THE Prince of Wales's personal assistant and companion to his two sons issued a warning to British newspapers yesterday against printing gossip concerning her relationship with the heir to the British throne.
Tiggy Legge-Bourke (30), was reported to be upset about reports that she and Prince Charles were becoming too close. In a letter printed in the Daily Mirror, her lawyer referred to a "series of malicious lies" circulating in the press.
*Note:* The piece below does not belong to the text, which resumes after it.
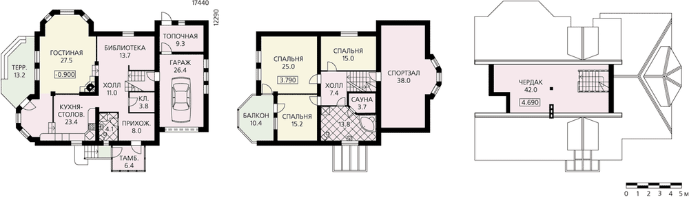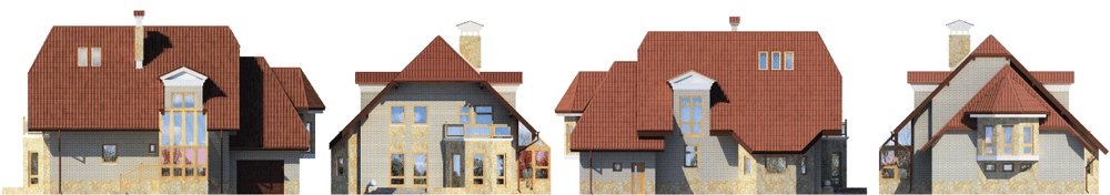 Под высокой кровлей спрятаны два из трех этажей этого дома. На первом этаже сосредоточены все его основные помещения, здесь и просторная светлая гостиная, и расположенные на возвышении кухня-столовая и библиотека. Гараж с топочной запроектированы в пристройке. Гостевые помещения очень удобно связаны между собой, образуя единое пространство. При этом ничто не мешает изолировать их друг от друга. Можно также переоборудовать библиотеку в дополнительную спальню, отделив ее от холла перегородкой с дверью. На втором, мансардном этаже расположены три спальни и ванная комната, совмещенная с сауной. Две смежные спальни имеют большой балкон-лоджию. На полэтажа ниже, над гаражом, находится спортивный зал. Это просторное помещение с остекленным эркером. На чердаке предусмотрено еще одно помещение. Здесь вполне возможно оборудовать студию или художественную мастерскую.

The letter was published as Ms Legge-Bourke, Prince Charles and his sons, William(l3), and Harry(II), began a skiing holiday in the Swiss resort of Klosters. During a ski trip last year, Prince Charles was photographed kissing Ms Legge-Bourke after she completed a difficult run. Although the prince's staff dismissed it as an innocent gesture, the photo appeared in newspapers around the world.
Salman Rushdie's novel The Moor's Last Sigh has won the Whitbread novel award, judges announced yesterday.
The Moor's Last Sigh is Rushdie's first full-length novel since The Satanic
Verses, the work which brought down the wrath of the Iranian fatwa on him. The tale of a spice dynasty now goes forward to compete with four other category winners for the £21,000 prize of Whitbread Book of the Year. The overall winner will be announced on January 23rd.
French actor Gerard Depardieu was made a knight of the Legion of Honour in the new year awards published in Paris yesterday.
Veteran film director Marcel Carne was appointed a grand officer of the order, as was novelist Henri Troyat.
The bed in which Lenin slept with his lover during his pre-revolution exile from Russia has returned to a more humble life as a simple hotel accessory, the Polish newspaper Kurier Polski reported yesterday.
It said the room and bed the Bolshevik leader shared with Nadejda Krupska in Bialy Dunajec, in Poland's southern Tatra mountains, could now be booked by tourists.
The house Lenin stayed in was a Lenin museum during Poland's communist era.